YOUR ASSIGNMENT: Within the records below, find the line with "This is the" and the line with "Lastmotorfartyget ASTRID BRES", then reproduce exactly those two lines and all lines between them, without any picture.

LISTED ENTRIES:
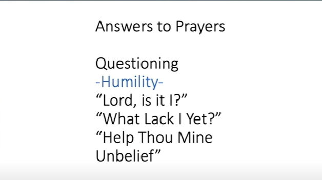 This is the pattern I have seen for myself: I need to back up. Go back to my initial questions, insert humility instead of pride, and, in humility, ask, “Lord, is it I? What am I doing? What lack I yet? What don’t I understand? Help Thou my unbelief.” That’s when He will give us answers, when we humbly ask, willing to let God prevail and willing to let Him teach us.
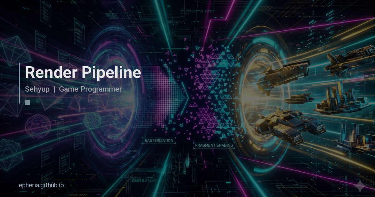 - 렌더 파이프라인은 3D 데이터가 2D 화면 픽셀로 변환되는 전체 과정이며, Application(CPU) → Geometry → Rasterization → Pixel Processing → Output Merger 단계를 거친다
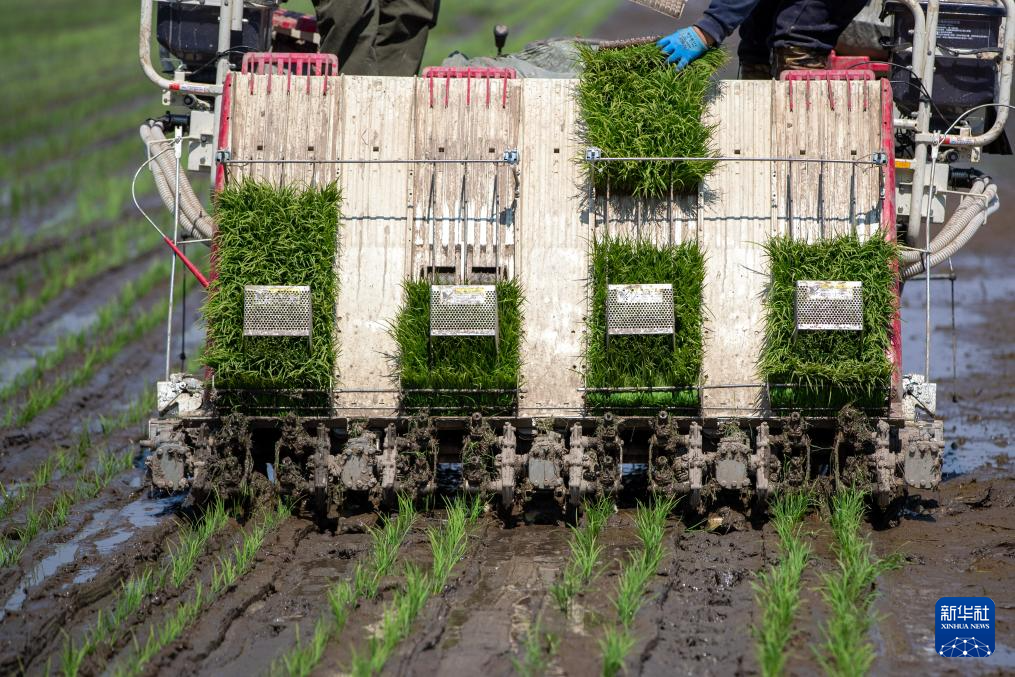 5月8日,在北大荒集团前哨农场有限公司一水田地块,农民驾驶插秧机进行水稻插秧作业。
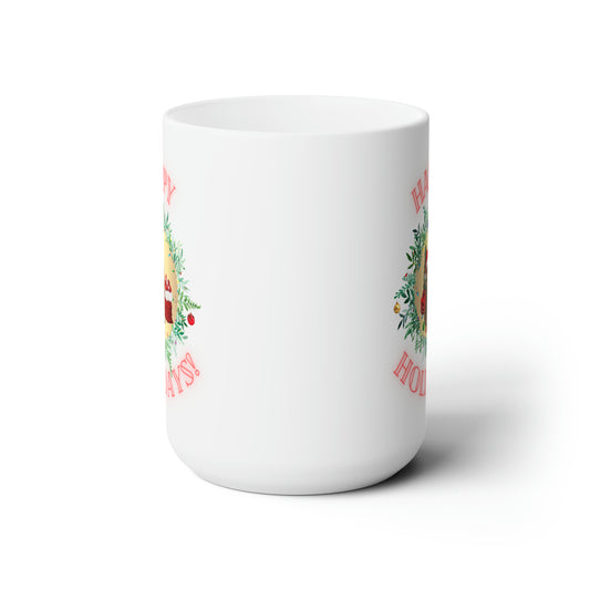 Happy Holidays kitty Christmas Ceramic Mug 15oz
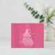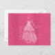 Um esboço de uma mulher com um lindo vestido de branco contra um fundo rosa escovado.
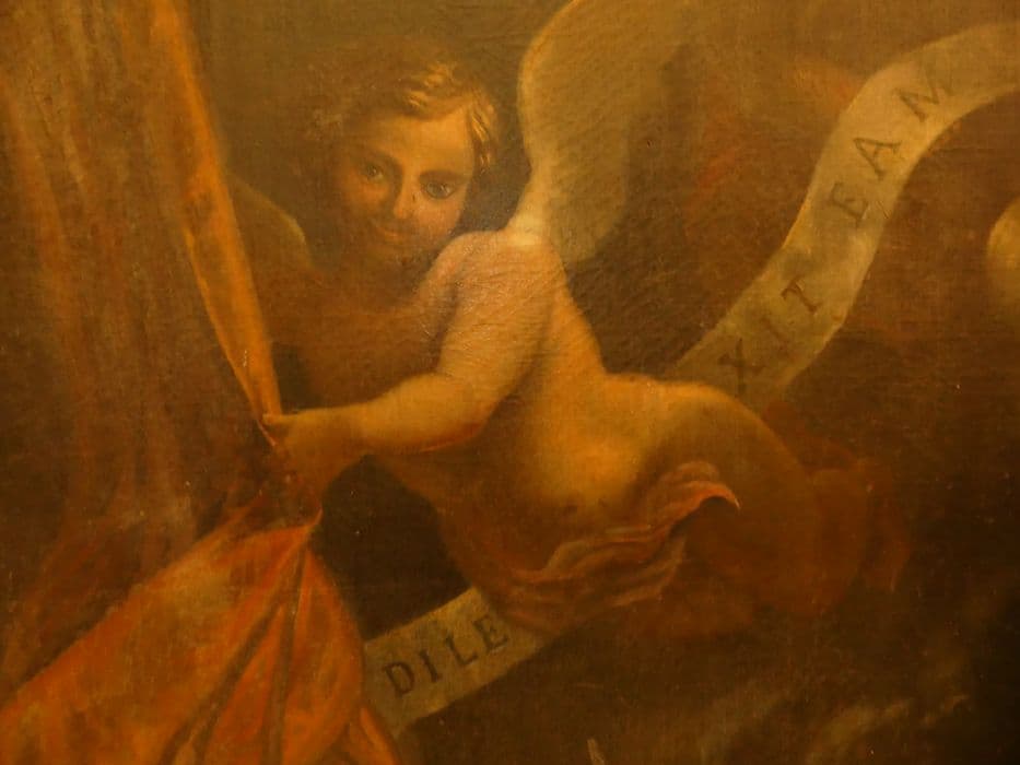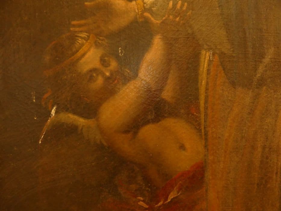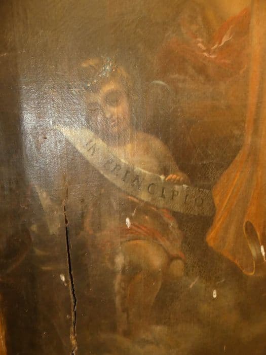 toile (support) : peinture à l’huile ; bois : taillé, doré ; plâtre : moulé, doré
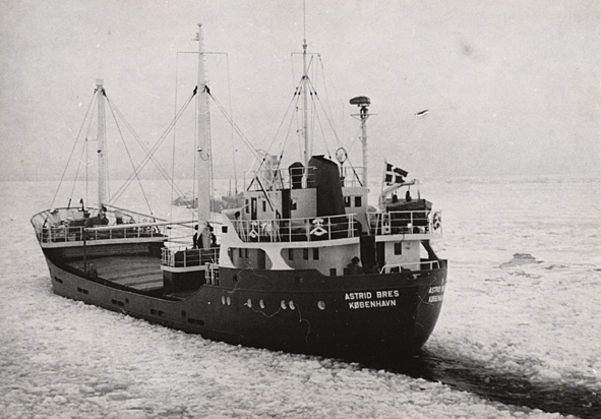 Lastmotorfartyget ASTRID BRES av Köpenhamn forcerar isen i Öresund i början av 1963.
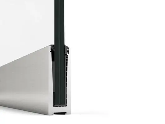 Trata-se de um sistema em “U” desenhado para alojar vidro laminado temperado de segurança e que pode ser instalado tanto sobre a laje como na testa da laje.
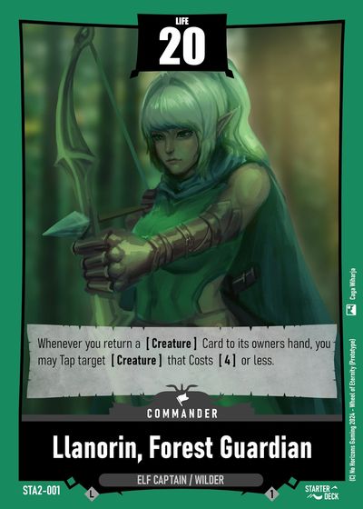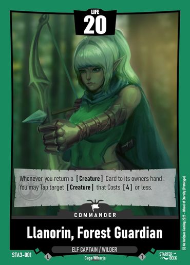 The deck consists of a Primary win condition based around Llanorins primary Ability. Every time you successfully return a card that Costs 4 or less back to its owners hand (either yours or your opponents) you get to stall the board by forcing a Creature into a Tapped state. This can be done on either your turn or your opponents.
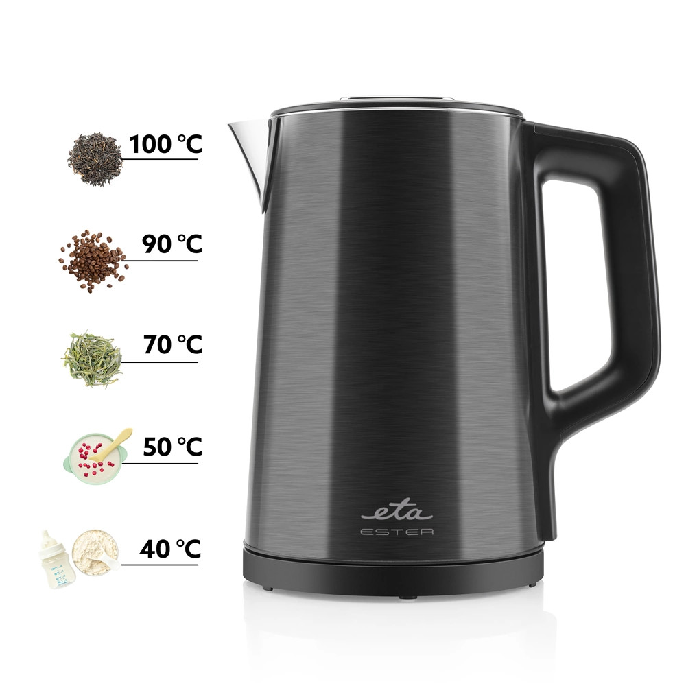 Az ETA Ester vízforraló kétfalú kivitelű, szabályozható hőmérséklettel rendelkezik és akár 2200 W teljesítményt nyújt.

...

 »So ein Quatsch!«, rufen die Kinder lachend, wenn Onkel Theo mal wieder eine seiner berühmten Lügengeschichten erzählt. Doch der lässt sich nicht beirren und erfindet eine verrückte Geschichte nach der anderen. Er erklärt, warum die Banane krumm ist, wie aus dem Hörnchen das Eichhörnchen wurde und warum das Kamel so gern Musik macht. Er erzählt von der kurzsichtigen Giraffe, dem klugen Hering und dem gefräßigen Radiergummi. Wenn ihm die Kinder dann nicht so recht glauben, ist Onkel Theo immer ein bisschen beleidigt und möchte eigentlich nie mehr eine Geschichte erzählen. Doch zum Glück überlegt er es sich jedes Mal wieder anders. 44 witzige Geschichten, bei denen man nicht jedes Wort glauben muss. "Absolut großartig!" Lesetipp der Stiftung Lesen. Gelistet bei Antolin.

---

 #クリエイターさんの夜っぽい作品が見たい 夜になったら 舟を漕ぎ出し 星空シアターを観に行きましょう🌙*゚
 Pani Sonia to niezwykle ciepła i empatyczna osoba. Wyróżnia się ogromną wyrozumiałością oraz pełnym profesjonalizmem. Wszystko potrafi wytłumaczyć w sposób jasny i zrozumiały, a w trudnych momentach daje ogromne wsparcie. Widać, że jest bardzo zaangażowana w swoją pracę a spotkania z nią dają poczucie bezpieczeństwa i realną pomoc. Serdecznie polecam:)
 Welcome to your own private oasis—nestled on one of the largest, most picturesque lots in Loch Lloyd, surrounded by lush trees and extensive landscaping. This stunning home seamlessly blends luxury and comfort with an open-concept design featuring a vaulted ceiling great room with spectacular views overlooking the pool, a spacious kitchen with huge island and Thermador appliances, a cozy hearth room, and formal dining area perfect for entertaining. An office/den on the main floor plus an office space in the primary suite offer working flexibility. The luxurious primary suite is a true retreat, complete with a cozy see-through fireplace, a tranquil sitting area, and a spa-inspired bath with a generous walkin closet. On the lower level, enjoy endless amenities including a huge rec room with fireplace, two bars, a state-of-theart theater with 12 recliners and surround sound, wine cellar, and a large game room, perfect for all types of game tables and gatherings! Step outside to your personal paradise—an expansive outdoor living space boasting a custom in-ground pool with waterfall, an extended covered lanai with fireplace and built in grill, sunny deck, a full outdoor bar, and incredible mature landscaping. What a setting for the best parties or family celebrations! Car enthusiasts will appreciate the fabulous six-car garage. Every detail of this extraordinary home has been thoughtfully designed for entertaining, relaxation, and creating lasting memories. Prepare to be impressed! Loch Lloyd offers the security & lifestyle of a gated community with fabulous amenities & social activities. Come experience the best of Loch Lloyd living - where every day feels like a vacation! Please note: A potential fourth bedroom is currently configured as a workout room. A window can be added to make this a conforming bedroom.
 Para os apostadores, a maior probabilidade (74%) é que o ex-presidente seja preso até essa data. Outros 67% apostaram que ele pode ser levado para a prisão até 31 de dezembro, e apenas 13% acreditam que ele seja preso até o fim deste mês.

RESPONSE TO THIS EXERCISE:
 This is the pattern I have seen for myself: I need to back up. Go back to my initial questions, insert humility instead of pride, and, in humility, ask, “Lord, is it I? What am I doing? What lack I yet? What don’t I understand? Help Thou my unbelief.” That’s when He will give us answers, when we humbly ask, willing to let God prevail and willing to let Him teach us.
 - 렌더 파이프라인은 3D 데이터가 2D 화면 픽셀로 변환되는 전체 과정이며, Application(CPU) → Geometry → Rasterization → Pixel Processing → Output Merger 단계를 거친다
 5月8日,在北大荒集团前哨农场有限公司一水田地块,农民驾驶插秧机进行水稻插秧作业。
 Happy Holidays kitty Christmas Ceramic Mug 15oz
 Um esboço de uma mulher com um lindo vestido de branco contra um fundo rosa escovado.
 toile (support) : peinture à l’huile ; bois : taillé, doré ; plâtre : moulé, doré
 Lastmotorfartyget ASTRID BRES av Köpenhamn forcerar isen i Öresund i början av 1963.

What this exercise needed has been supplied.